The Effects of Changes in Foreign Exchange Rates
Accounting Standard (AS) 11

Introduction
This Statement should be applied:
• In accounting for transactions in foreign currencies. • In translating the financial statements of foreign operations.

Definition
• Exchange rate is the ratio for exchange of two currencies. • Average rate is the mean of the exchange rates in force during a period. • Closing rate is the exchange rate at the balance sheet date. • Monetary items are money held and assets and liabilities to be received or paid in fixed or determinable amounts of money.

• Fair value is the amount for which an asset could be exchanged, or a liability settled, between knowledgeable, willing parties in an arm’s length transaction. • Foreign currency is a currency other than the reporting currency of an enterprise. • Reporting currency is the currency used in presenting the financial statements. • Forward rate is the specified exchange rate for exchange of two currencies at a specified future date. • Forward exchange contract means an agreement to exchange different currencies at a forward rate.

Initial Recognition
• Buys or sells goods or services whose price is denominated in a foreign currency. • Borrows or lends funds when the amounts payable or receivable are denominated in a foreign currency. • Otherwise acquires or disposes of assets, or incurs or settles liabilities, denominated in a foreign currency.

Recognition of Exchange Differences
• Exchange differences arising on the settlement of monetary items or on reporting an enterprise’s monetary items at rates different from those at which they were initially recorded during the period, or reported in previous financial statements, should be recognized as income or as expenses in the period in which they arise.

Reporting at Subsequent Balance Sheet Dates
• Foreign currency monetary items should be reported using the closing rate. • Non-monetary items which are carried in terms of historical cost denominated in a foreign currency should be reported using the exchange rate at the date of the transaction.

Translation of financial statements of foreign branches
• Opening inventories: exchange rate prevailing at the commencement of the year. • Closing inventories: exchange rate at the balance sheet date. • Depreciation: exchange rate applicable for the translation of the fixed asset.
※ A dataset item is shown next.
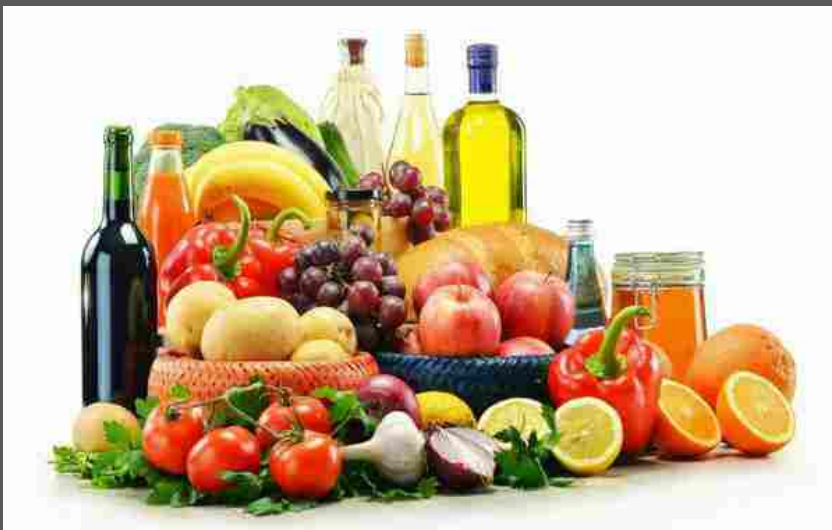
Dieta mima-digiuno contro invecchiamento e patologie

Adottare periodicamente una dieta a basso contenuto proteico, per solo 5 giorni, ogni 3-6 mesi a seconda della circonferenza addominale e dello stato di salute, e sotto controllo medico, avrebbe degli effetti positivi duraturi sullo stato di salute dell'organismo con cambiamenti in fattori di rischio associati a invecchiamento, patologie cardiovascolari, diabete, obesità e cancro. La dieta mima-digiuno (Dmd) com'è stata battezzata, è frutto di uno studio condotto da Valter Longo, dell'University of Southern California (USC) e dell'IFOM di Milano, e dimostra sperimentalmente l'efficacia di una dieta periodica che potrebbe rafforzare vari sistemi tra cui quello immunitario e nervoso e potrebbe ridurre il fattore di rischio di varie patologie incluso il cancro a seconda della circonferenza addominale e dello stato di salute. La ricerca, pubblicata sulla testata scientifica Cell Metabolism, e sul sito dell'Ifom, (Istituto FIRC di Oncologia Molecolare di Milano), dimostra gli effetti positivi sulla salute per la prima volta su tre piani sperimentali complementari: su lieviti, su modello murino e in uno studio pilota sull'uomo. "Si tratta di riprogrammare il corpo in modo tale da farlo entrare in una modalità di invecchiamento più lento, ma anche di ringiovanirlo attraverso una rigenerazione che si basa sulle cellule staminali" spiega Longo.

Accounting Standard (AS) 12

Accounting for Government Grants

Introduction
• This Statement deals with accounting for government grants. • Government grants are sometimes called by other names such as subsidies, cash incentives etc.

Non- Applicability
• Government participation in the ownership of the enterprise. • Government assistance other than in the form of government grants.

Recognition of Government Grants
• The enterprise will comply with the conditions attached to them • The grants will be received

Accounting treatment of government grants
• Grant is shown as deduction from the gross value of asset in arriving its book value. When the grants equals to the cost of assets, the asset should be shown in the balance sheet at the nominal value. • Grants are treated as deferred income. The deferred income is recognized in profit & loss account on a systematic and rational basis over the useful life of assets.

Grants related to revenue
• Grants should be recognized in profit & loss account over the period necessary to match them with related cost which they are intended to compensate . Such grants should either be shown as other income or be deducted from the related expenses. • A grant received as compensation for expenses or losses already incurred should be recognized in the profit & loss account of the period in which it becomes receivable as extraordinary items.